Objective To investigate whether proapoptotic Bcl-2 members, Bax and Bak, are involved in fetal vasculature regression.
Methods Adult eyes from mice deficient in Bax and/or Bak were examined grossly and histologically for persistence of fetal vasculature. Vessels were identified by the presence of lumens and erythrocytes and by Factor VIII labeling. Eyes from postnatal day 7 mice were processed for terminal deoxynucleotidyl transferase–mediated deoxyuridine triphosphate nick-end labeling (TUNEL) analysis to determine if deficiency of Bax and Bak results in defective developmental apoptosis.
Results Only bax–/–bak–/– eyes retained fetal vasculature into adulthood. This vasculature consisted of a hyaloid artery emerging from the optic nerve head and intravitreal and perilental vessels but not a pupillary membrane. At postnatal day 7, wild-type but not bax–/–bak–/– eyes had TUNEL-positive cells in the fetal vasculature.
Conclusions These data demonstrate that Bax and Bak serve overlapping functions in fetal vasculature regression, emphasizing the importance of apoptosis in developmental remodeling.
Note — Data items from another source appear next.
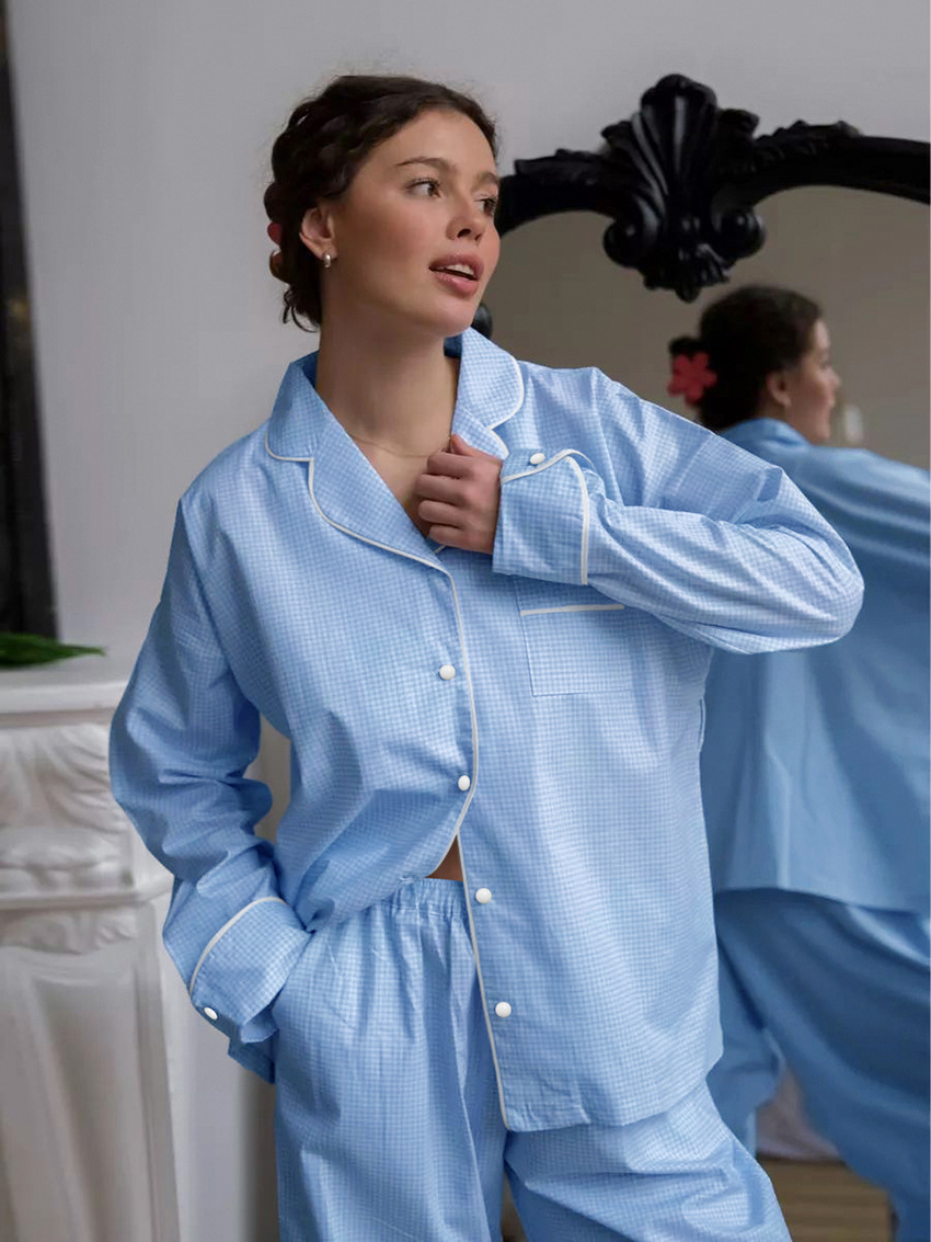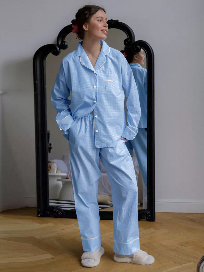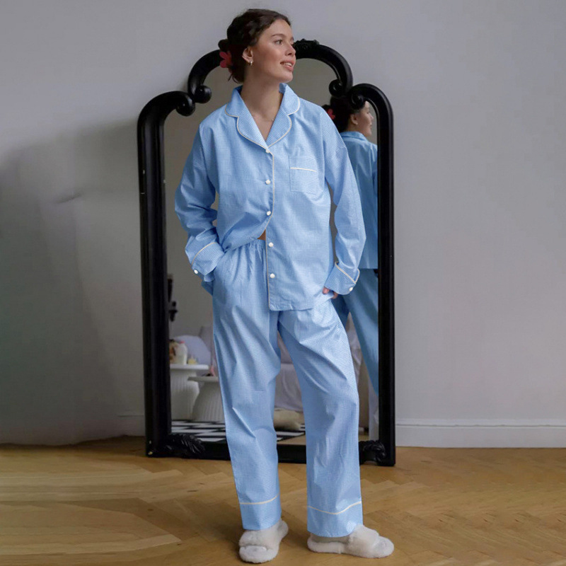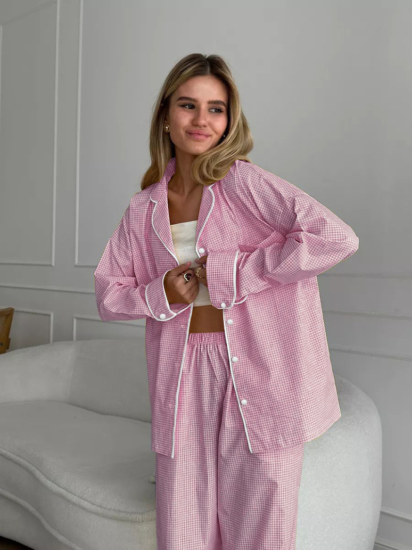 유럽과 미국의 2024 가을 새로운 핑크 격자 무늬 잠옷 2 조각 캐주얼 편안한 바느질 여성용 홈 의류 도매
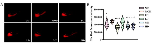 为验证BGI-N2的体内便秘缓解效果,华大团队选用斑马鱼作为实验模型,通过构建斑马鱼便秘模型,设置低、中、高三个剂量的BGI-N2干预组,同时设置正常对照、模型对照和阳性药对照,通过尼罗红荧光标记法检测肠道内容物滞留情况,评估肠道动力。
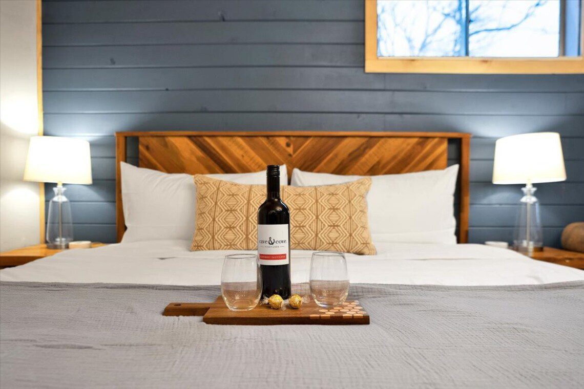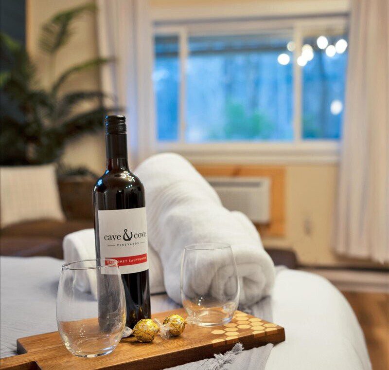 Have a relaxing stay in this charming cabin themed unit with modern amenities and tasteful décor, perfect to nestle up in on a snowy day as you watch the flakes fall gentle onto the pine trees around you.
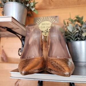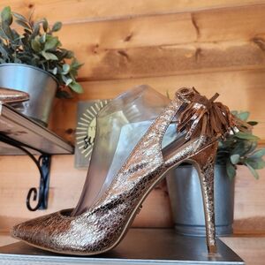 Bebe Crackle Metallic Rose Gold Pointed Toe Stiletto Heels Tassles Cutout Sz 10
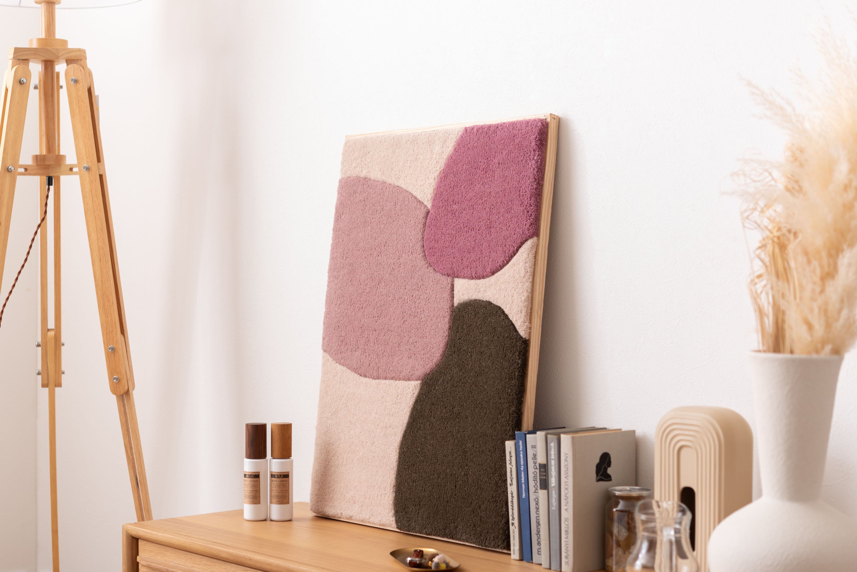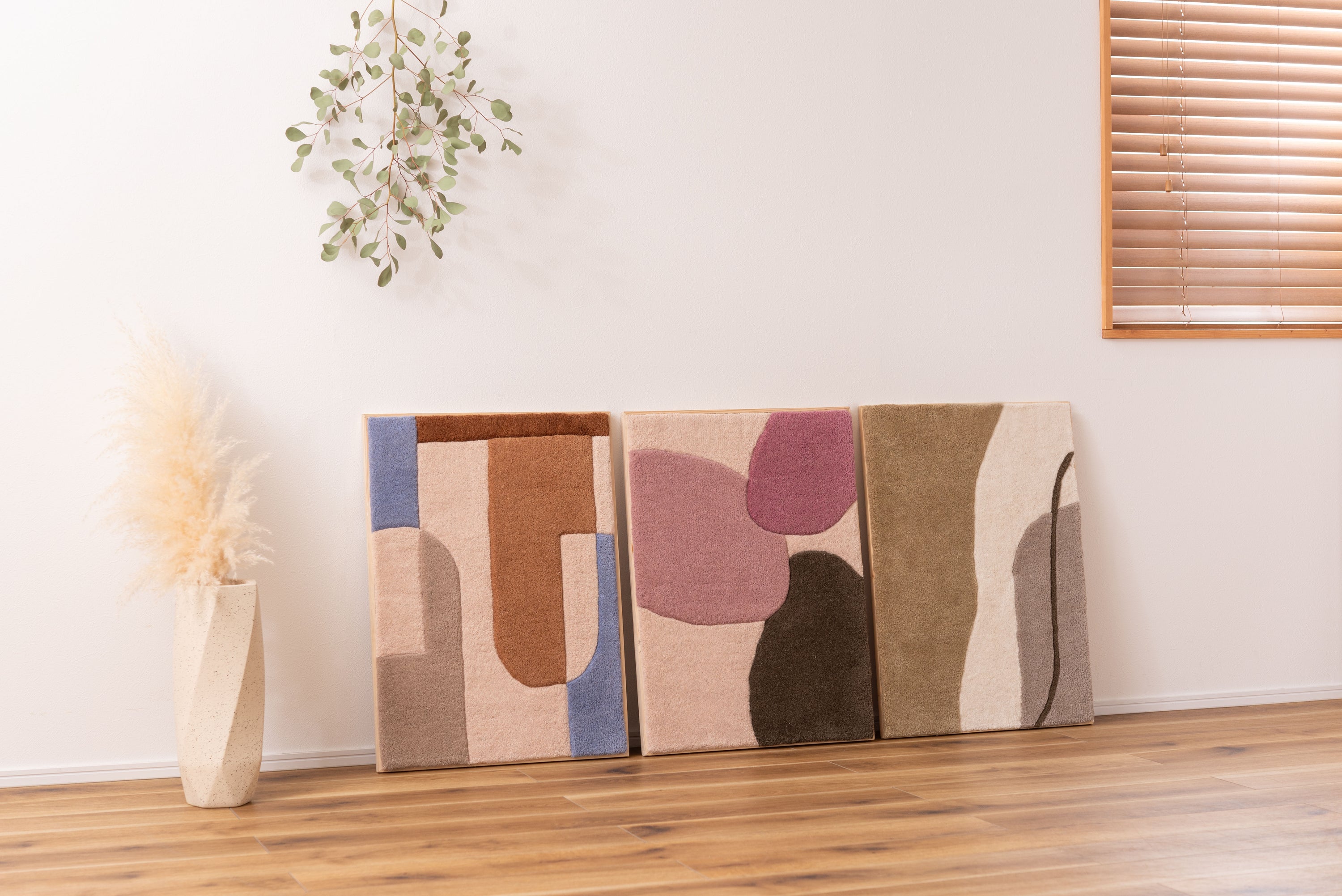人気のタフティングを木枠のパネルに施し、置くだけでお部屋を彩るウォールアートに。 ニュアンスカラーの表現と、表面の凹凸による動きのある表情にこだわったアートパネル。 凹凸のある人気のタフティング仕様で、表情のあるデザインに仕上げてます。 背面に金具が付いているので、壁掛けする事も可能。 厚みがあり重厚感もあるので、立て掛けての使用も安心。

Clinical Relevance Disruption of Bax and Bak results in persistent fetal vasculature in knockout mice, providing a model of the human disease persistent fetal vasculature to investigate its etiology and potential therapies.
INTRODUCTION
The human disease persistent fetal vasculature (PFV) results from a failure of the fetal vasculature to regress properly.1 One of the most common congenital ocular malformation syndromes, PFV is not associated with diseases in other tissues of the body and is often found in an otherwise normal child. Persistent fetal vasculature usually presents unilaterally with characteristic exam findings including retrolental white vascularized tissue with microcornea or microphthalmia of variable severity. Secondary glaucoma, intravitreal hemorrhage, retinal detachment, and lenticular and corneal opacification may also occur. While minimally affected eyes may survive to adulthood without surgical intervention, current treatment of more profoundly affected eyes involves surgical removal of intravitreal fibrovascular tissue.1 Surgical treatment of PFV is difficult, and understanding mechanisms of normal fetal vascular regression may shed light on novel therapeutic options for PFV.
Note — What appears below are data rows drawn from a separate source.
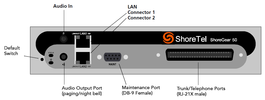 - 1 RJ-21X male connector for mass termination of the telephone/trunk ports
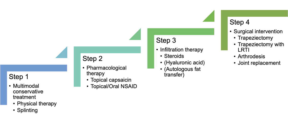 Step 1: Multimodal conservative treatment, including education, physical therapy and splinting. Specific hand therapy may apply physical anti-inflammatory and analgesic treatments, as well as instruct correct use of the weakened thumb.
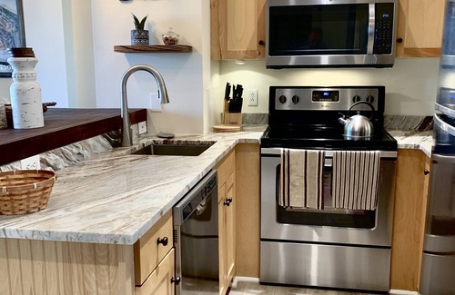 The kitchen is fully stocked with utensils, pots and pans, plates, glasses, cups, bowls, coffee maker/filters, toaster, blender and a cork screw. Just in case you want to cook up a storm. Otherwise, the Stratton Village offers plenty of dining options all within walking distance.
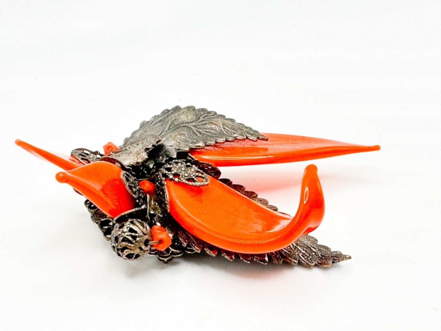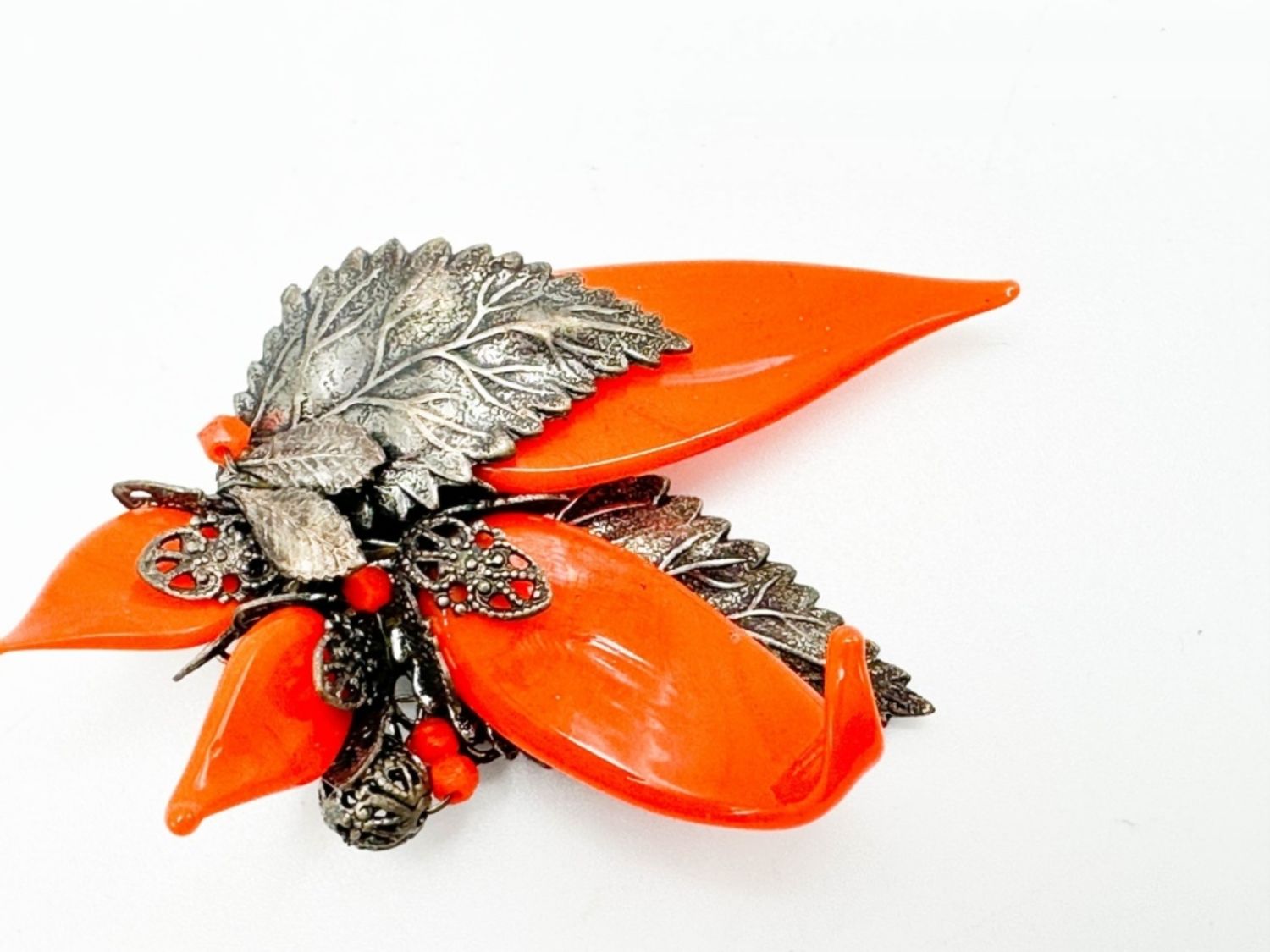 MIRIAM HASKELL SIGNED BROOCH WITH FLORAL AND LEAVES , VINTAGEDESIGNER HASKELL

The fetal vasculature nourishes the developing mammalian eye and consists of the pupillary membrane and hyaloid vasculature. The pupillary membrane arises from the annular vessel in the rim of the neuroectodermal optic cup. The hyaloid vasculature originates at the optic nerve and sends branches called the vasa hyaloidea propria through the vitreous to anastomose with the tunica vasculosa lentis around the lens. These intravitreal vessels do not normally persist to adulthood; in a normal human, these vessels regress in utero1, while in a normal mouse, the vasa hyaloidea propria regress by postnatal day (P)5 to P7, the tunica vasculosa lentis by P7 to P21, and the pupillary membrane by P3 to P9.2-3
Regression of the ocular fetal vasculature occurs by apoptosis,4 and the specific apoptotic factors involved have recently been investigated. Apoptosis is a process of programmed cell death closely regulated by several gene families, including the bcl-2 gene family.5 This family contains both proapoptotic members, including bax and bak, as well as anti-apoptotic members, which collectively regulate outer mitochondrial membrane stability. Opposing members heterodimerize, and a cell’s fate may be regulated in part by the relative concentrations of each member.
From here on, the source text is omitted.